Visualization or visualisation (see spelling differences) is any technique for creating images, diagrams, or animations to communicate a message. Visualization through visual imagery has been an effective way to communicate both abstract and concrete ideas since the dawn of humanity. Examples from history include cave paintings, Egyptian hieroglyphs, Greek geometry, and Leonardo da Vinci's revolutionary methods of technical drawing for engineering and scientific purposes.

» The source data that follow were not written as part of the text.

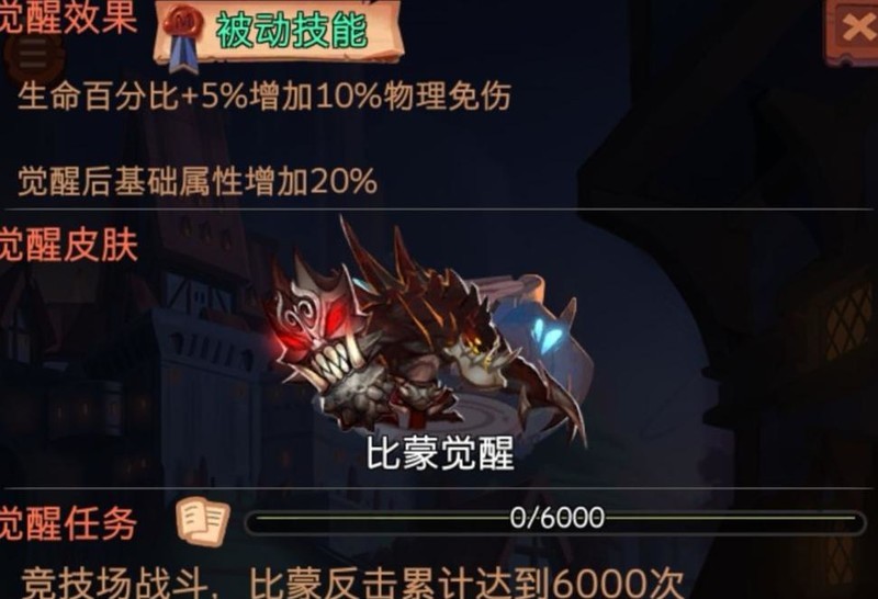 在竞技场累计完成六千次反击即可觉醒比蒙。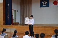 4月25日、大束中学校生徒会は串間市社会福祉協議会へ、熊本地震災害支援金を届けました。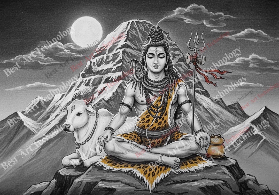 Invite a sense of serene majesty into your space with this captivating single-panel canvas art. Featuring a beautiful black and white illustration of Lord Shiva in peaceful meditation alongside his devoted companion Nandi, set against a backdrop of majestic mountains under the soft glow of a full moon, this Black and White Shiva Nandi Mountain Canvas offers a calming and artistic spiritual presence.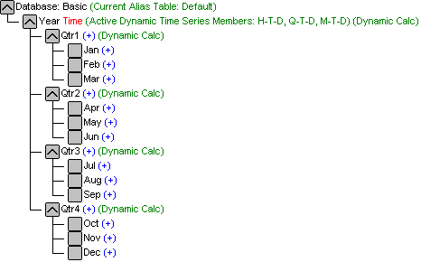 Each database member can have one or more formulas associated with it in the database outline. For example, the Variance members of the Scenario dimension, as shown in Figure Figure 2, contain formulas. Formulas can be simple or complex. For more information, see the Database Administrator's Guide.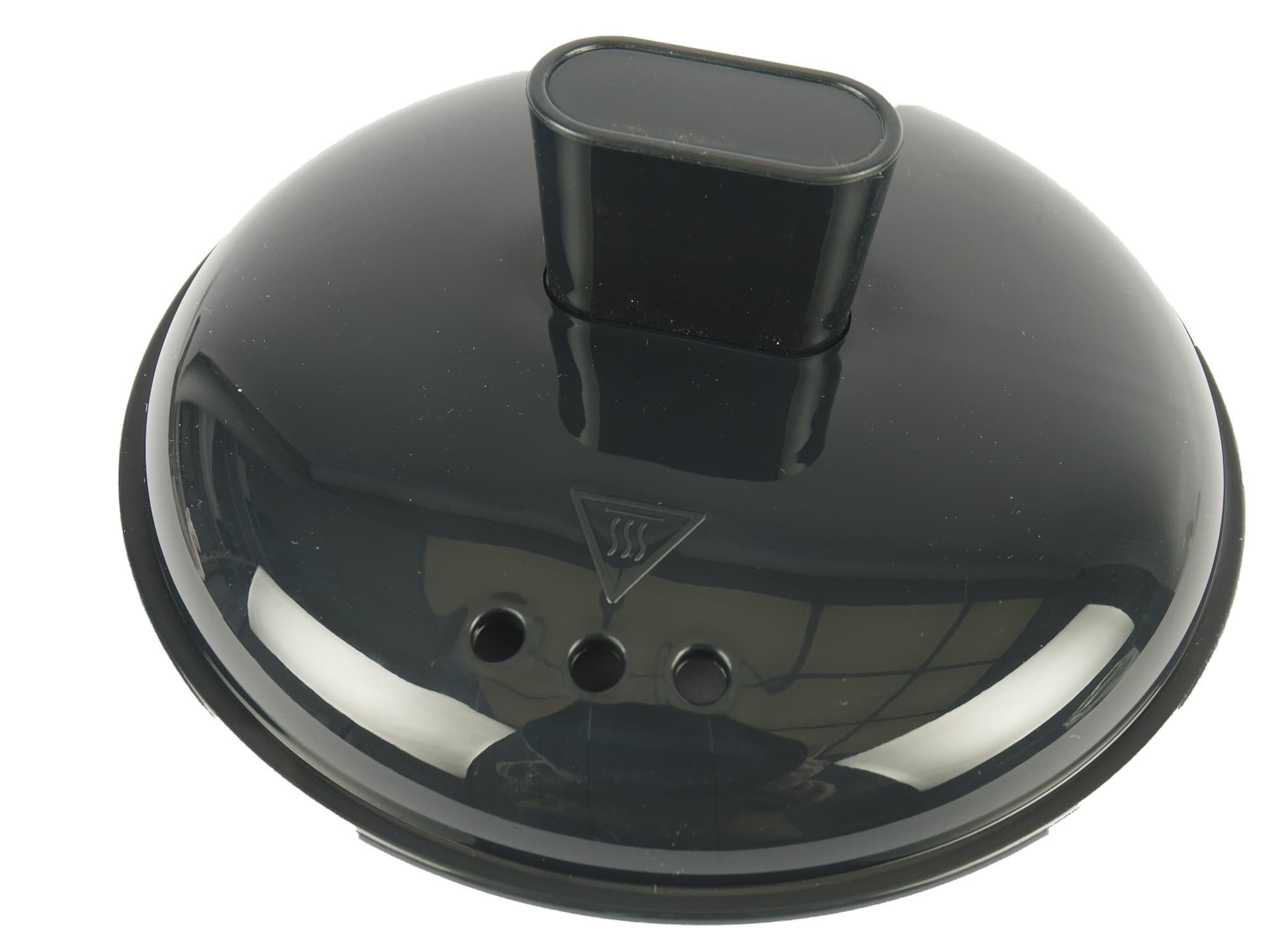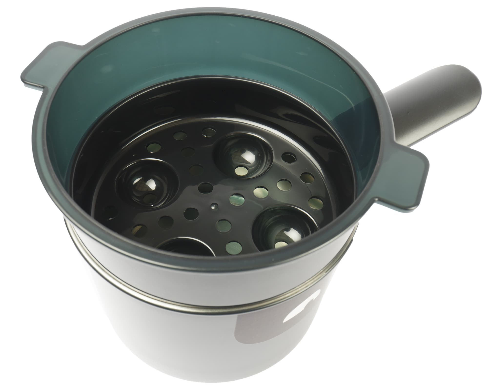 Вставка-пароварка из темно-зеленого пластика на дне, как положено, имеет круглые отверстия, а кроме них, еще и четыре углубления, видимо для яиц. По бокам емкости две небольшие ручки.
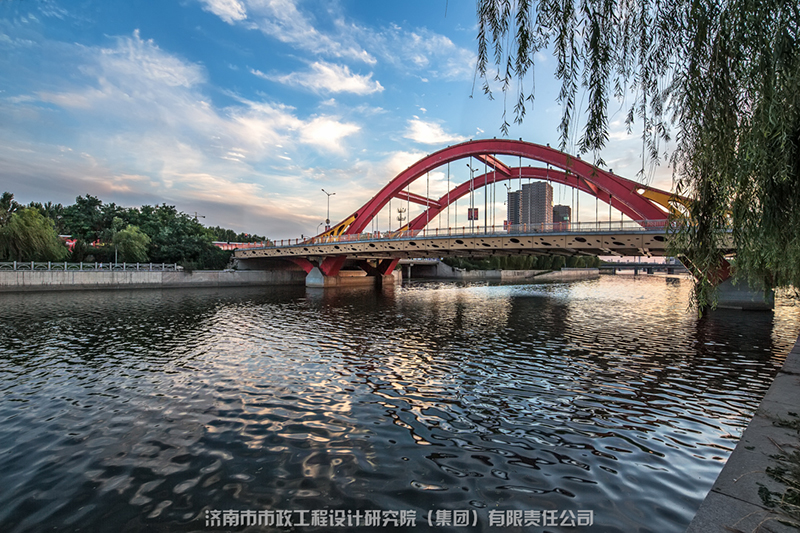 匯集了多種橋型,與小清河的自然環(huán)境、人文景觀有機(jī)地結(jié)合在一起,包括變截面連續(xù)梁橋、斜腿鋼構(gòu)橋、預(yù)應(yīng)力連續(xù)組合梁拱結(jié)構(gòu)、斜拉橋、中承式系桿拱橋等。在考慮結(jié)構(gòu)整體和交通功能的同時(shí),把握城市橋梁的景觀特性,做到工程和景觀的和諧統(tǒng)一。成為城市河道橋梁大量、有機(jī)結(jié)合的典范。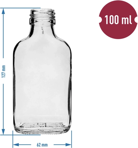 This glass bottle in the traditional hip-flask shape blends practicality and style. The durable clear glass lets you monitor the contents and looks elegant when serving. Thanks to its compact dimensions, it slips easily into a pocket, waist pack, or carry-on bag.
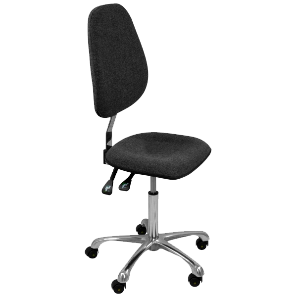 На выбор возможна комплектация антистатическими ножками или антистатическими колесиками. Дополнительно можно заказать антистатические подлокотники, опорное кольцо для ног. Имеется регулировка угла наклона сиденья и угла наклона спинки.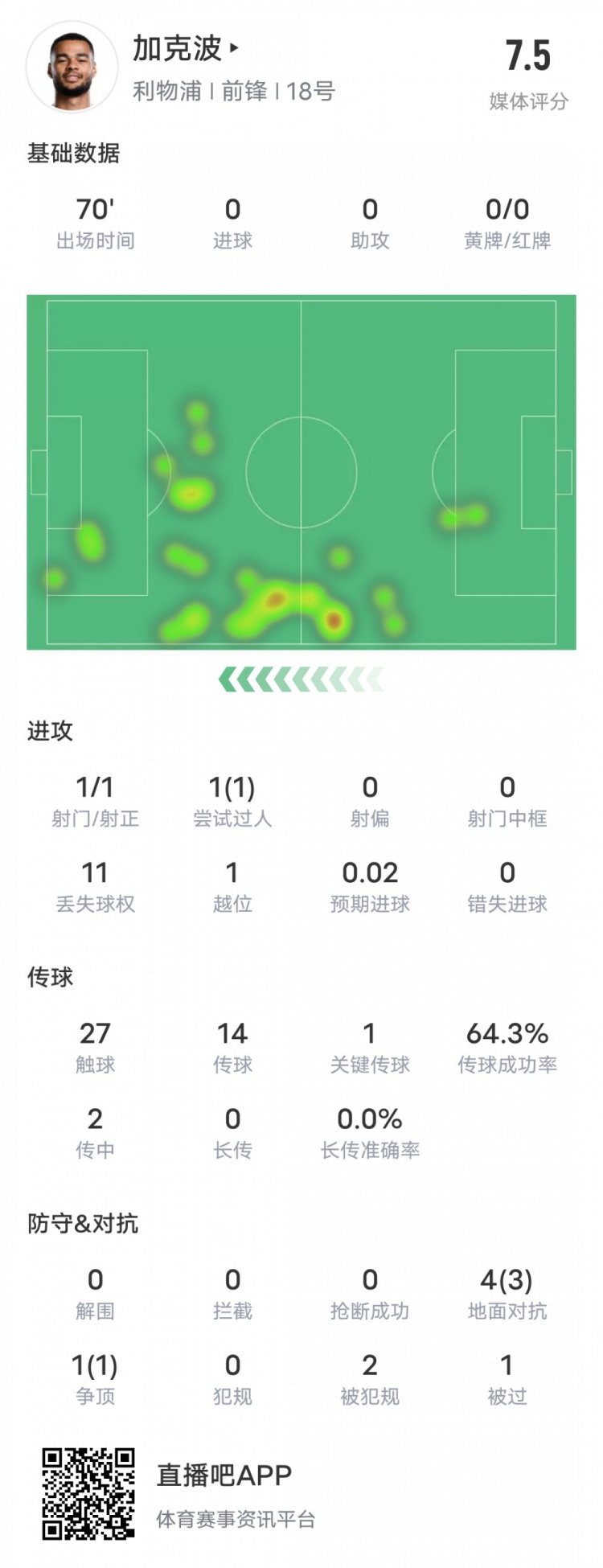 加克波本場比賽數(shù)據(jù):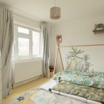 The rear bedroom is over 11 feet by over 9 feet, again with stripped and painted boards.

Visualization of how a car deforms in an asymmetrical crash using finite element analysis

Visualization today has ever-expanding applications in science, education, engineering (e.g., product visualization), interactive multimedia, medicine, etc. Typical of a visualization application is the field of computer graphics. The invention of computer graphics (and 3D computer graphics) may be the most important development in visualization since the invention of central perspective in the Renaissance period. The development of animation also helped advance visualization.

Overview

The Ptolemy world map, reconstituted from Ptolemy's Geographia (circa 150), indicating the countries of "Serica" and "Sinae" (China) at the extreme right, beyond the island of "Taprobane" (Sri Lanka, oversized) and the "Aurea Chersonesus" (Southeast Asian peninsula)
Charles Minard's information graphic of Napoleon's march

The use of visualization to present information is not a new phenomenon. It has been used in maps, scientific drawings, and data plots for over a thousand years. Examples from cartography include Ptolemy's Geographia (2nd century AD), a map of China (1137 AD), and Minard's map (1861) of Napoleon's invasion of Russia a century and a half ago. Most of the concepts learned in devising these images carry over in a straightforward manner to computer visualization. Edward Tufte has written three critically acclaimed books that explain many of these principles.[1][2][3]

Computer graphics has from its beginning been used to study scientific problems. However, in its early days the lack of graphics power often limited its usefulness. The recent emphasis on visualization started in 1987 with the publication of Visualization in Scientific Computing, a special issue of Computer Graphics.[4] Since then, there have been several conferences and workshops, co-sponsored by the IEEE Computer Society and ACM SIGGRAPH, devoted to the general topic, and special areas in the field, for example volume visualization.

Most people are familiar with the digital animations produced to present meteorological data during weather reports on television, though few can distinguish between those models of reality and the satellite photos that are also shown on such programs. TV also offers scientific visualizations when it shows computer drawn and animated reconstructions of road or airplane accidents. Some of the most popular examples of scientific visualizations are computer-generated images that show real spacecraft in action, out in the void far beyond Earth, or on other planets. Dynamic forms of visualization, such as educational animation or timelines, have the potential to enhance learning about systems that change over time.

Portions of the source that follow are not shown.